Никаких «скорбим и помним», никаких «любимому мужу и отцу» — что там еще принято писать на крестах и могильных памятниках… Ничего этого не было. Только имя, фамилия и две даты. Влад неподвижно стоял и отрешенно смотрел на этот массивный синевато-бурый от ржавчины крест, и его охватывало странное чувство — как будто он случайно обнаружил место вечного упокоения старого доброго знакомого. Пожалуй, только сейчас Влад со всей остротой ощутил — как безумно одинок был в своей изломанной безрадостной жизни этот несомненно талантливый, симпатичный и вполне добрый человек, искренне стремившийся своим трудом и своим мастерством приносить радость людям… Он жил один и умер, конечно, в полном одиночестве… было неясно даже, а кто же похоронил его? Вероятно, представители домовой общественности. А вот каковы были последние часы и минуты этого несчастного и бесконечно одинокого мастера, он сам ни описать, ни поведать никому уже не мог.

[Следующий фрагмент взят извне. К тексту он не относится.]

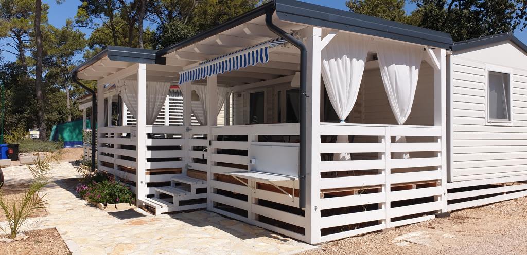 NUEVO !! Nueva casa móvil. Consta de 2 dormitorios (1 con cama de matrimonio y el otro con dos camas individuales), cada uno con su propio cuarto de baño y una sala de estar con una cocina donde hay una cama. La casa está prevista para el 4 de 2 personas. Superficie total solos casas es de 30 m2 y una terraza cubierta de 24 m2, donde hay una gran mesa de comedor con 6 sillas y tumbonas para una estancia agradable. La casa está bien equipada, con aire, TV, hervidor eléctrico, microondas, nevera y menaje de cocina completo. El campamento está situado en medio de un bosque de pinos. Ofrece servicios de cambio de divisas, lavado y secado de la máquina y diariamente organiza diversas actividades tanto para niños como para adultos. Dentro del campo hay varios restaurantes y cafeterías. Para aquellos que prefieren unas vacaciones activas pueden elegir entre ciclismo, buceo, voleibol de playa, tenis, tenis de mesa, esquí acuático, vela y excursiones a varios parques nacionales y paseos en barco.
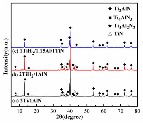 XRD patterns of (a) 2Ti/1AlN; (b) 2TiH2/1AlN; and (c) 1TiH2/1.15Al/1TiN prepared by microwave sintering for 30 min at 1250 °C.

Влад ощутил горький комок в груди, а также тяжкую волну скорби, неожиданно нахлынувшую на него. За время чтения вакулинских воспоминаний, так живо и наглядно представивших ему тяжкие военные годы маленького провинциального города, Влад постепенно как бы сжился с Прохором Михайловичем, как с добрым соседом, которого он будто бы знал всю свою жизнь. Странное ощущение таинственной связи с этим непростым человеком давно уже было знакомо Владу, а вот здесь, на тихом кладбище, на склоне дня, перед его неприметной заброшенной могилой вдруг проявилось в душе Влада с неожиданной и даже пугающей силой…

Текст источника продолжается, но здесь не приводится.